Power is a potential problem in a phased logic system due to the increase in switching activity. During an evaluation of the synchronous functions, one subsignal in every LEDR signal undergoes a transition. Thus, the probability of a transition associated with a phased logic signal is 1.0. In a clocked microprocessor, the switching activity ranges from only 0.09 [28] at control nodes to 0.5 [29] at data nodes. However, in addition to this activity, the entire clock network must be charged and discharged every cycle, and it can consume half the power of a chip-as much as all the logic circuitry combined. Significant power is also wasted in clocked circuitry due to spurious transitions caused by logic hazards [30] . More research is needed to determine how the various factors influence the final power usage, but it seems reasonable to say that the power dissipated by a phased logic system will be commensurate to its increase in circuitry.
VI. Conclusion
Phased logic seeks to combine elements of both the clocked and asynchronous approaches.

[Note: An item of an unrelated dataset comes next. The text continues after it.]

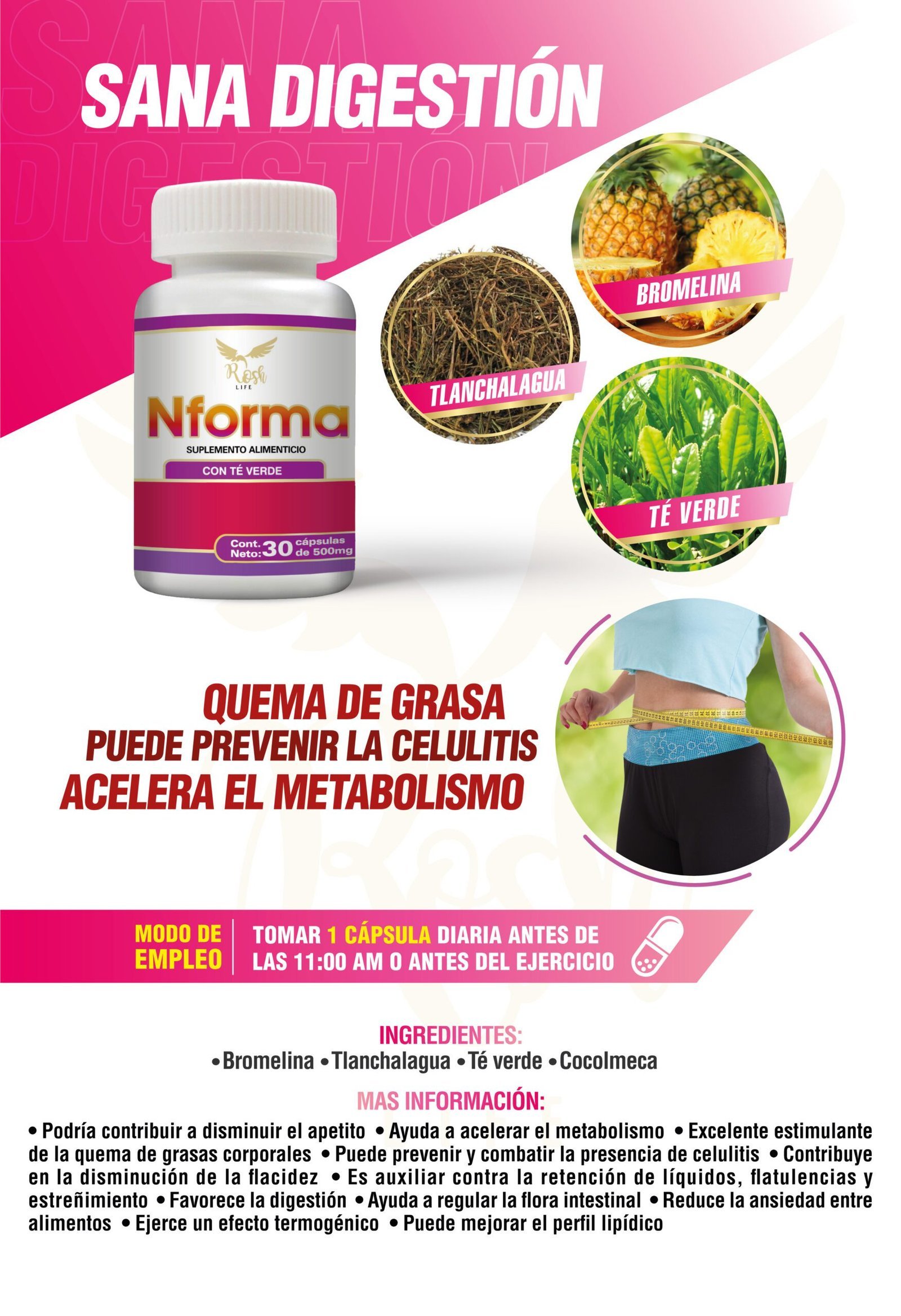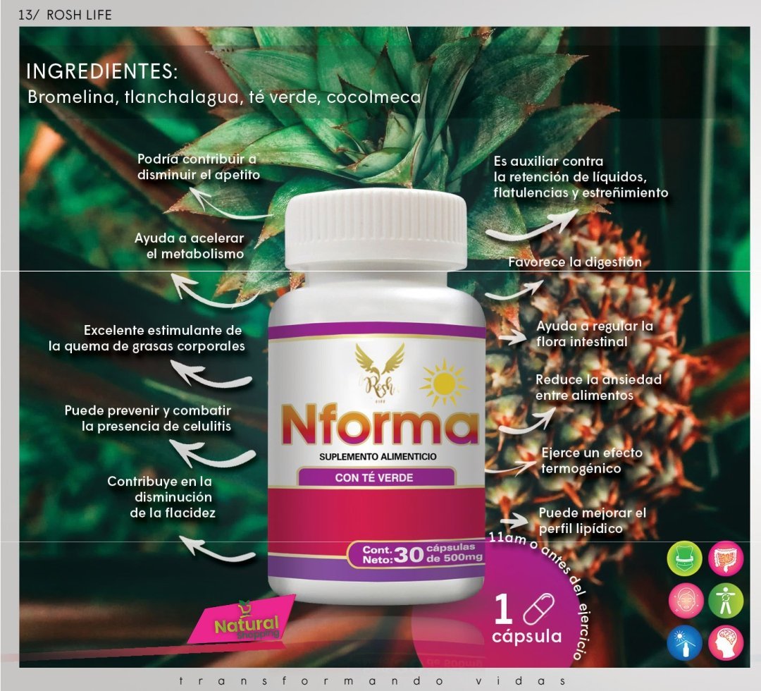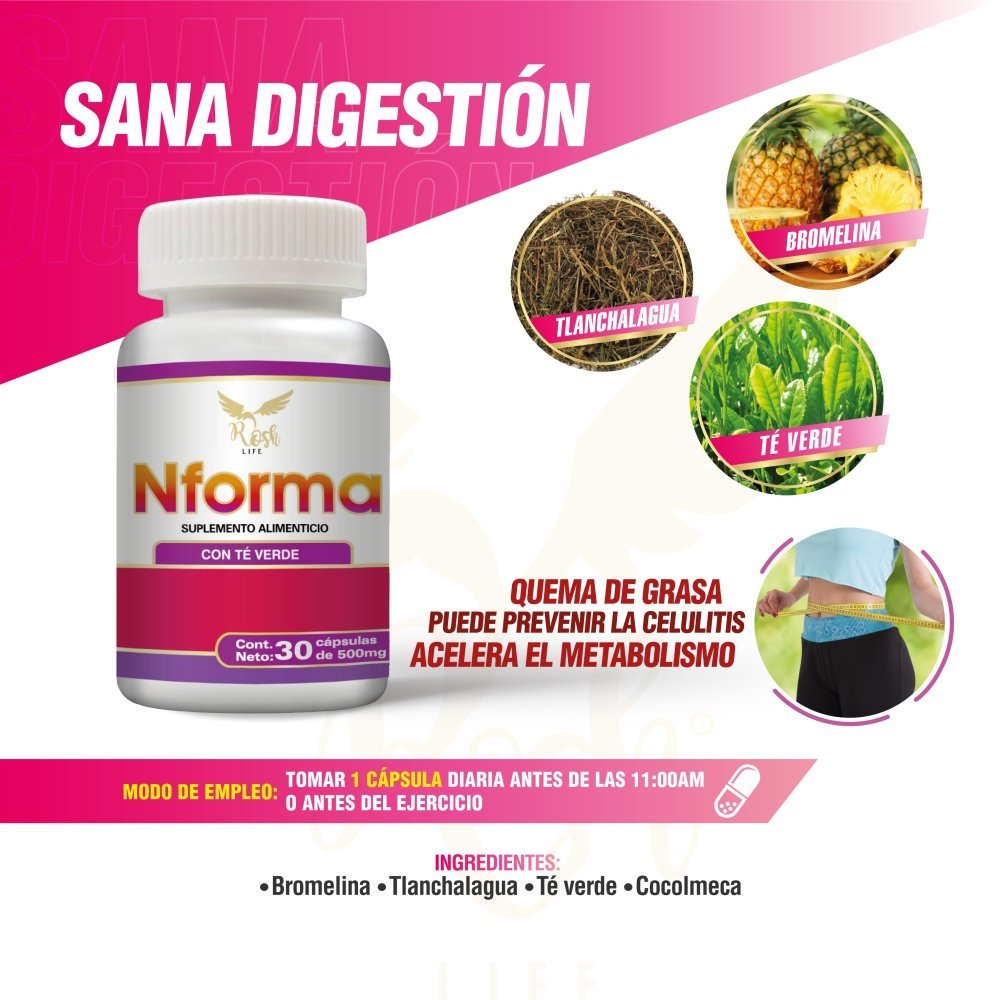 Ayuda prevenir la celulitis, acelerar el metabolismo y quemar grasa Nforma Frasco de 30 cápsulas suplemento alimenticio.

Like the clocked approach, phased logic supports the synchronous design paradigm.
This allows designers to build on their experience and continue to use familiar CAD tools. Like asynchronous approaches, phased logic eliminates global clocks. The integration of the synchronous design paradigm with delay-insensitivity helps restore the separation between the logical specification and the physical implementation of a digital system. This has the potential to 34 simplify the design process, but this simplification comes at the cost of increased circuitry. Extra circuitry can result in greater component cost because of its area and power requirements, but digital designers are often ready to trade component cost for a shorter, more flexible design process.
For example, standard cells are usually chosen for ASIC design over a fully custom approach.
Both methodologies require the same manufacturing fixed cost, but standard cells have a significantly shorter design cycle, and a short design cycle is becoming increasingly important to the success of products. Its characteristics make phased logic suited for rapid prototyping, emulation of complex computer systems, and custom computing machines.
For future research, phased logic could be extended to support more complex cyclic behavior. For example, freezing one part of a phased logic system while other parts do computations would save power. A performance improvement is also possible with this approach since a long synchronous path could be frozen while the rest of the system cycles at a faster rate. A more efficient synthesis algorithm and a greater variety of phased logic gate implementations are additional areas for future research.